[Opening Supplied data section]

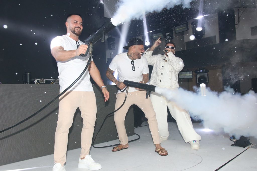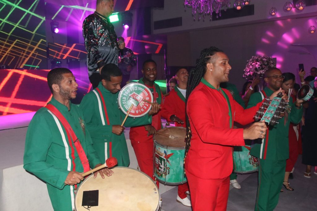 Finalizando a festa a estrondosa bateria da Escola de Samba Grande Rio cedida gentilmente pelo Presidente Helinho de Oliveira. Quem também esteve na festa foi: A Rainha de Bateria da Escola de Samba Porto da Pedra Andrea Andrade, o maquiador Marcelo Hicho, a empresária Josy Fernandes, Audrey Lundgren e o advogado(rei do habeas corpus) Leandro Barros.
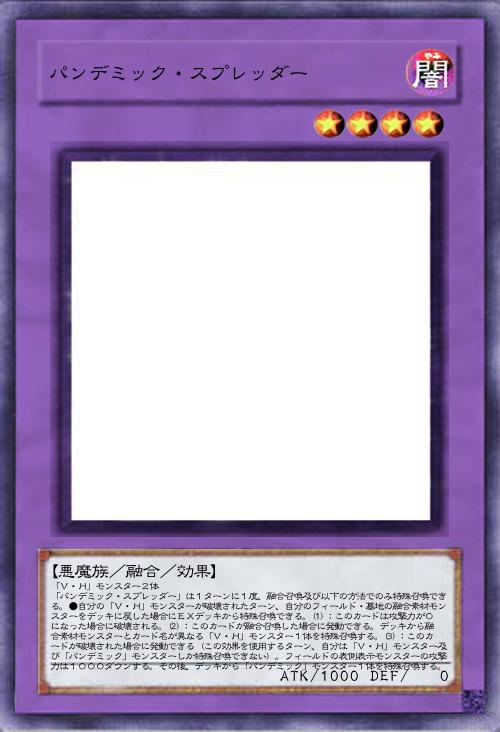 | 「V・H」モンスター2体 「パンデミック・スプレッダー」は1ターンに1度、融合召喚及び以下の方法でのみ特殊召喚できる。●自分の「V・H」モンスターが破壊されたターン、自分のフィールド・墓地の融合素材モンスターをデッキに戻した場合にEXデッキから特殊召喚できる。(1):このカードは攻撃力が0になった場合に破壊される。(2):このカードが融合召喚した場合に発動できる。デッキから融合素材モンスターとカード名が異なる「V・H」モンスター1体を特殊召喚する。(3):このカードが破壊された場合に発動できる(この効果を使用するターン、自分は「V・H」モンスター及び「パンデミック」モンスターしか特殊召喚できない)。フィールドの表側表示モンスターの攻撃力は1000ダウンする。その後、デッキから「パンデミック」モンスター1体を特殊召喚する。 | |||
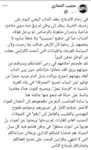 واختتم الشماري منشوره بتساؤل ساخر موجّه للمسؤولين حول كيفية مواجهة التاريخ، في ظل ما وصفه بتحوّل اليمني من إنسان “عزيز النفس” إلى ضحية تُدفع إلى حروب بعيدة نتيجة تردي الأوضاع في البلاد.

[Closing Supplied data section]

Brief: Repeat the material above in full and exactly, omitting the pictures.

Answer section:
 Finalizando a festa a estrondosa bateria da Escola de Samba Grande Rio cedida gentilmente pelo Presidente Helinho de Oliveira. Quem também esteve na festa foi: A Rainha de Bateria da Escola de Samba Porto da Pedra Andrea Andrade, o maquiador Marcelo Hicho, a empresária Josy Fernandes, Audrey Lundgren e o advogado(rei do habeas corpus) Leandro Barros.
 | 「V・H」モンスター2体 「パンデミック・スプレッダー」は1ターンに1度、融合召喚及び以下の方法でのみ特殊召喚できる。●自分の「V・H」モンスターが破壊されたターン、自分のフィールド・墓地の融合素材モンスターをデッキに戻した場合にEXデッキから特殊召喚できる。(1):このカードは攻撃力が0になった場合に破壊される。(2):このカードが融合召喚した場合に発動できる。デッキから融合素材モンスターとカード名が異なる「V・H」モンスター1体を特殊召喚する。(3):このカードが破壊された場合に発動できる(この効果を使用するターン、自分は「V・H」モンスター及び「パンデミック」モンスターしか特殊召喚できない)。フィールドの表側表示モンスターの攻撃力は1000ダウンする。その後、デッキから「パンデミック」モンスター1体を特殊召喚する。 | |||
 واختتم الشماري منشوره بتساؤل ساخر موجّه للمسؤولين حول كيفية مواجهة التاريخ، في ظل ما وصفه بتحوّل اليمني من إنسان “عزيز النفس” إلى ضحية تُدفع إلى حروب بعيدة نتيجة تردي الأوضاع في البلاد.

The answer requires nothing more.